Smith v. . Brooklyn Savings Bank

The defendant, a savings bank, seeks to justify the payment by it of a depositor's money, to a stranger upon the ground that such payments were made to a person having possession of the depositor's pass-book. Such a pass-book is not negotiable paper, and its possession constitutes in itself no evidence of a right to draw money thereon. It merely imports a liability of the bank to the depositor for the moneys deposited, and an agreement to repay them at such time and in such manner as he shall direct. This contract is implied from the nature and objects of the transaction occurring between the parties. (Crawford v. WestSide Bank, 100 N.Y. 51.) The depositor may by special contract authorize payments to be made in some other manner than by his directions, but, in order to make such payments a protection to the bank, it is necessary for it to show some special agreement with the customer, authorizing such a mode of payment.

The defendant in this case claims to have had such authority by force of a by-law printed in the pass-book, delivered to the plaintiff at the time of making his first deposit. Assuming, for the purpose of the argument, that the mere acceptance by the depositor of a pass-book containing by-laws regulating the manner of making deposits, and payments, constitutes a contract between the parties, we will inquire into the meaning and intent of the by-law referred to. It reads as follows: "All *Page 61 deposits and drafts must be entered in the pass-book at the time of the transaction, and all payments made by the bank, upon the presentation of the pass-book, and duly entered therein, will be regarded as binding upon the depositor. Money may also be drawn upon the written order of the depositor or his attorney when accompanied by the pass-book. No money shall be received, nor shall any money be paid out except by the teller at the bank in the presence of an officer or trustee. No money shall be withdrawn as a matter of right without three months' previous notice." We do not think this by-law supports the contention of the defendant.

It is argued by it that the phrase "all payments," as used therein, means any sum of money, delivered by it, to any person who may for the time being, have in his possession the pass-book, and it is only by assuming that such a delivery of money, is a payment upon that account, that any color of support is afforded to the argument. This may have been the understanding, and intention of the bank in framing the by-law, but in order to make that understanding obligatory upon the customer, it was also necessary that he should have a similar understanding, or that the law should have been expressed in language incapable of any other fair construction. We do not think that the word "payments," as used in it, can, according to the legal or common acceptation or meaning of the word, be construed to mean any sums which the bank might choose to disburse, regardless of the person to whom they were made. Payment by a debtor can be legally made only to the creditor or his authorized representative, and in order to constitute any other transaction a payment, it is essential to its validity, that it should be authorized by the person entitled to demand it.

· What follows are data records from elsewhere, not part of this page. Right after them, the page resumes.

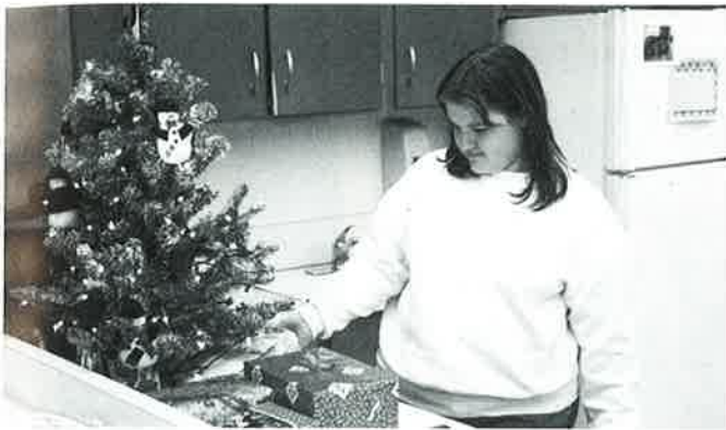
Which one is mine?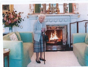
The last picture of the Queen looking happy but frail.

The state funeral will be held at 11:00am on Monday 19 th September, which is now a bank holiday for people to place flowers for pay their respects to the Queen. Millions of people are expected to watch the service at Westminster Abbey.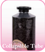
Collapsible Tube Page 11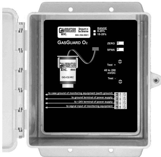
Figure 2: Wiring diagram

The defendants have not here shown any such authority. An agreement that payments made in a particular manner shall be binding and conclusive upon the depositor does not tend to authorize a payment made to a stranger, or give any other signification to the word "payment" than it usually bears. The effect which, it is argued, should be given to the language used can be indulged in only by force of a contract with the *Page 62 depositor; but it is here attempted to imply the contract from the mere use of the word "payments," etc. This is reasoning in a circle, and proves nothing.

Further examination of the provisions of the law confirms our views. It is quite improbable that so important a power should have been left to be inferred form loose and doubtful phraseology, if it had been originally intended to be conferred by the parties, and the plaintiff is entitled in this case to that construction of the by-law which makes it conform to the popular and ordinary signification of its language.

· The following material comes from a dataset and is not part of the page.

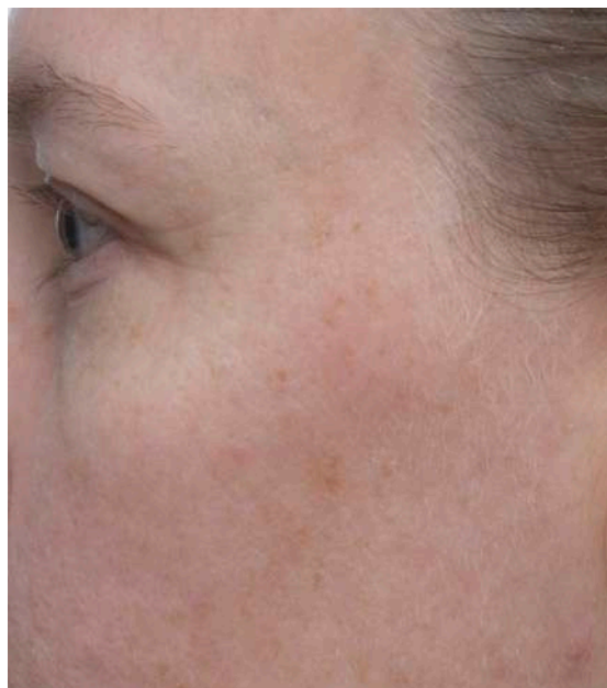
AFTER 10 MINUTES

The by-law seems to contemplate but two modes of payment, both of which require the presentation of the pass-book as the condition thereof, one apparently authorizing a payment to the depositor personally, and the other, one which may be made in his absence. The one provides for the conclusive effect of payments made, and duly entered in the pass-book, and the other, for payments made in his absence to a third person, having possession of the pass-book. This provision requires the depositor's written order to accompany the pass-book.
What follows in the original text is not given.